WASHINGTON, D.C.—During oral arguments at the U.S. Supreme Court on Wednesday, Amgen and Sandoz clashed over the intent of the Biologics Price Competition and Innovation Act in a case set to have a big impact on future biosimilar launches.
Lawyers for the two companies fielded a host of questions from the justices Wednesday morning, with attention centering on two key issues: One, whether biosimilar companies should be required to hand over their full FDA approval applications (aBLAs) to the makers of the original branded product, and two, when the biosim companies are able to provide “notice” of their intent to market a biosim, thus triggering a six-month waiting period.
Amgen, which markets the reference product Neupogen in this case, argued that the notice to market a biosim can’t start until FDA approval. Sandoz, plus other biosim developers and organizations through amicus briefs, argued that such an interpretation would mean an extra six-month “exclusivity windfall” that Congress didn’t intend to create with the BPCIA.
“Congress would not have extended the 12-year exclusivity period in such a bizarre way,” Deanne Maynard, the company’s representative, told the justices on Wednesday.
Pushing back, Amgen’s attorney Seth Waxman said “you can’t give notice of anything” until the FDA has specified with an approval about the biosimilar’s molecule, indication and manufacturing process.
During more than an hour of oral arguments, attorneys and justices parsed the intent of words in the law such as “shall” and “license.”
Questioning Sandoz’s attorney, Justice Stephen Breyer asked how a company could provide notice of an intent to market a biosim “if you don't know what the license is?”
Justice Breyer continued by pointing out that it’s a decision with “huge implications” in a very technical field. He argued that that because the FDA is involved “intimately,” it’d be “sensible” for that agency to assist with the dispute.
The Supreme Court took on the case after a Federal Circuit court ruled with Amgen on one issue and with Sandoz on another. In a 2015 decision, the appeals panel ruled that Sandoz was required to share its abbreviated biologics license application (aBLA), and provide marketing notice after its biosim won FDA approval. Still, the decision described the statute a “riddle wrapped in a mystery inside an enigma.”

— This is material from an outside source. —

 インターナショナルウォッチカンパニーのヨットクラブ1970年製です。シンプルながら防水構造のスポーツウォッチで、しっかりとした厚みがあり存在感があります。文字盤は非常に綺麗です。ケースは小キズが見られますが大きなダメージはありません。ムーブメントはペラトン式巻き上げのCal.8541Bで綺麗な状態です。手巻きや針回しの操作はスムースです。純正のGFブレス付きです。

Though a decision from the United States’ top court isn’t expected until June or July, drugmakers already know the eventual ruling will leave a big mark on the biosim field. It will determine whether developers have to share their application with branded biologics developers, and when they’ll be able to launch their copies.

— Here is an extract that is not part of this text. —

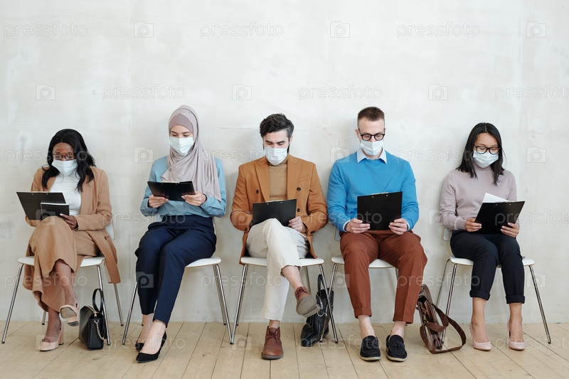 Молодые специалисты по защитным маскам просматривают свое резюме

According to Courtenay Brinckerhoff, intellectual-property partner in the biosimilars practice at Foley & Lardner LLP, the latter issue is likely to have a bigger effect on the industry.
“While companies developing biologics and biosimilars are interested in both issues, stakeholders on both sides are more interested in the ‘pre-marketing notice’ issue, since that issue directly impacts exclusivity periods, market entry dates, and competition in the marketplace,” she said in a statement.
Hoping to launch five biosimilars by 2020, Sandoz eventually waited out the six-month delay and launched its biosim of Amgen’s Neupogen back in 2015 after a legal war. The company asked the Supreme Court to weigh in on the issue last year in an effort to win reprieve for future biosim launches.